** AVAILABLE DATA **
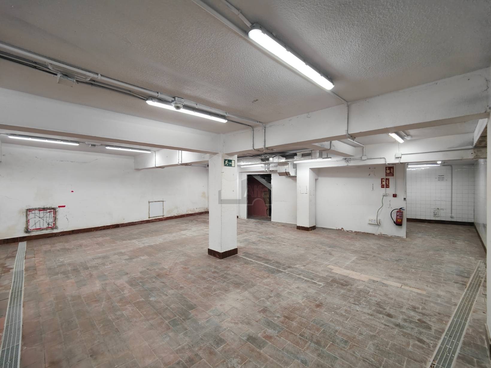 La planta baja y el sótano se comunican mediante una puerta contra incendios.
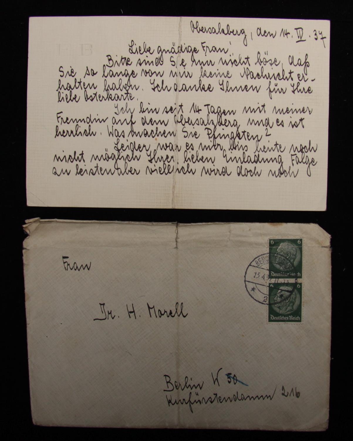 Eva Anna Paula Hitler ne Eva BRAUN, (6 February 1912 - 30 April 1945), Eva Braun married Adolf Hitler shortly before their joint suicides and was a woman almost unknown to the German people until after her death; her importance to Hitler is often underestimated and he remained loyal to her for many years. Braun was employed by Heinrich Hoffmann, the official photographer for the Nazi Party, and through him met Hitler. After the death of Geli Raubal Hitler and Braun became close and were together at the end. By 1936 she was part of Hitler's household at the Berghof near Berchtesgarten whenever he was in residence and in 1938 Hitler named her as his heir. The correspondence in the following two lots relate to Hanni Morell, (ne Hannelore ''Hanni'' Moller, a former actress), the wife of Theodor Morell, who was to become Hitler's personal physician. Theodor Gilbert Morell (July 22, 1886 - May 26, 1948) well known in Germany for his unconventional and alternative treatments. It is suggested that Eva Braun introduced Hitler to Dr. Theordore Morell in 1936. Morell gave Hitler questionable medication and in doing so may have considerably altered his state of mind. It could be said that without Morell the course of the war might have been drastically altered. The two lots here, a personal card from Braun to Hanni Morell and a handwritten letter provide clues to a friendly relationship between Braun and Mrs. Morell. These two lots were brought into a valuation day by a local woman who wishes to remain anonymous; her mother married a man from Nottingham who had acquired the correspondence towards the end of the war. Eva BRAUN, Germany, the Third Reich, 14th April 1937, her personalised folded EB card c7''x4.5'', in Braun's hand and signed by her, to Hanni Morell, wife of Doctor Theodor MorellÂ… in which Braun apologises for not replying earlier and refers to her visit to Obersalzberg with an un-named female friend. Clearly from the text Morell had extended several invitations to Braun. Braun continues that they will meet in Bavaria and ends with hearty greeting to Doctor Morell; with envelope addressed Dm H. Morell, Berlin W50, Kurfurstendamm 216, and to back the printed initials EB, and the handwritten return address E Braun, Munchen, Wasserburgestr 12, postmaked Berchtesgarten 15/4/37, the envelope complete but only fair, the card good
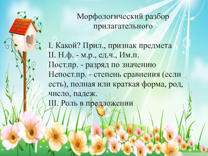 Презентация, доклад по русскому языку на тему Морфологический разбор имени прилагательного

** TASK **
The expected result is the data above in exact form, free of pictures.

** RESULT FOR THIS EXERCISE **
 La planta baja y el sótano se comunican mediante una puerta contra incendios.
 Eva Anna Paula Hitler ne Eva BRAUN, (6 February 1912 - 30 April 1945), Eva Braun married Adolf Hitler shortly before their joint suicides and was a woman almost unknown to the German people until after her death; her importance to Hitler is often underestimated and he remained loyal to her for many years. Braun was employed by Heinrich Hoffmann, the official photographer for the Nazi Party, and through him met Hitler. After the death of Geli Raubal Hitler and Braun became close and were together at the end. By 1936 she was part of Hitler's household at the Berghof near Berchtesgarten whenever he was in residence and in 1938 Hitler named her as his heir. The correspondence in the following two lots relate to Hanni Morell, (ne Hannelore ''Hanni'' Moller, a former actress), the wife of Theodor Morell, who was to become Hitler's personal physician. Theodor Gilbert Morell (July 22, 1886 - May 26, 1948) well known in Germany for his unconventional and alternative treatments. It is suggested that Eva Braun introduced Hitler to Dr. Theordore Morell in 1936. Morell gave Hitler questionable medication and in doing so may have considerably altered his state of mind. It could be said that without Morell the course of the war might have been drastically altered. The two lots here, a personal card from Braun to Hanni Morell and a handwritten letter provide clues to a friendly relationship between Braun and Mrs. Morell. These two lots were brought into a valuation day by a local woman who wishes to remain anonymous; her mother married a man from Nottingham who had acquired the correspondence towards the end of the war. Eva BRAUN, Germany, the Third Reich, 14th April 1937, her personalised folded EB card c7''x4.5'', in Braun's hand and signed by her, to Hanni Morell, wife of Doctor Theodor MorellÂ… in which Braun apologises for not replying earlier and refers to her visit to Obersalzberg with an un-named female friend. Clearly from the text Morell had extended several invitations to Braun. Braun continues that they will meet in Bavaria and ends with hearty greeting to Doctor Morell; with envelope addressed Dm H. Morell, Berlin W50, Kurfurstendamm 216, and to back the printed initials EB, and the handwritten return address E Braun, Munchen, Wasserburgestr 12, postmaked Berchtesgarten 15/4/37, the envelope complete but only fair, the card good
 Презентация, доклад по русскому языку на тему Морфологический разбор имени прилагательного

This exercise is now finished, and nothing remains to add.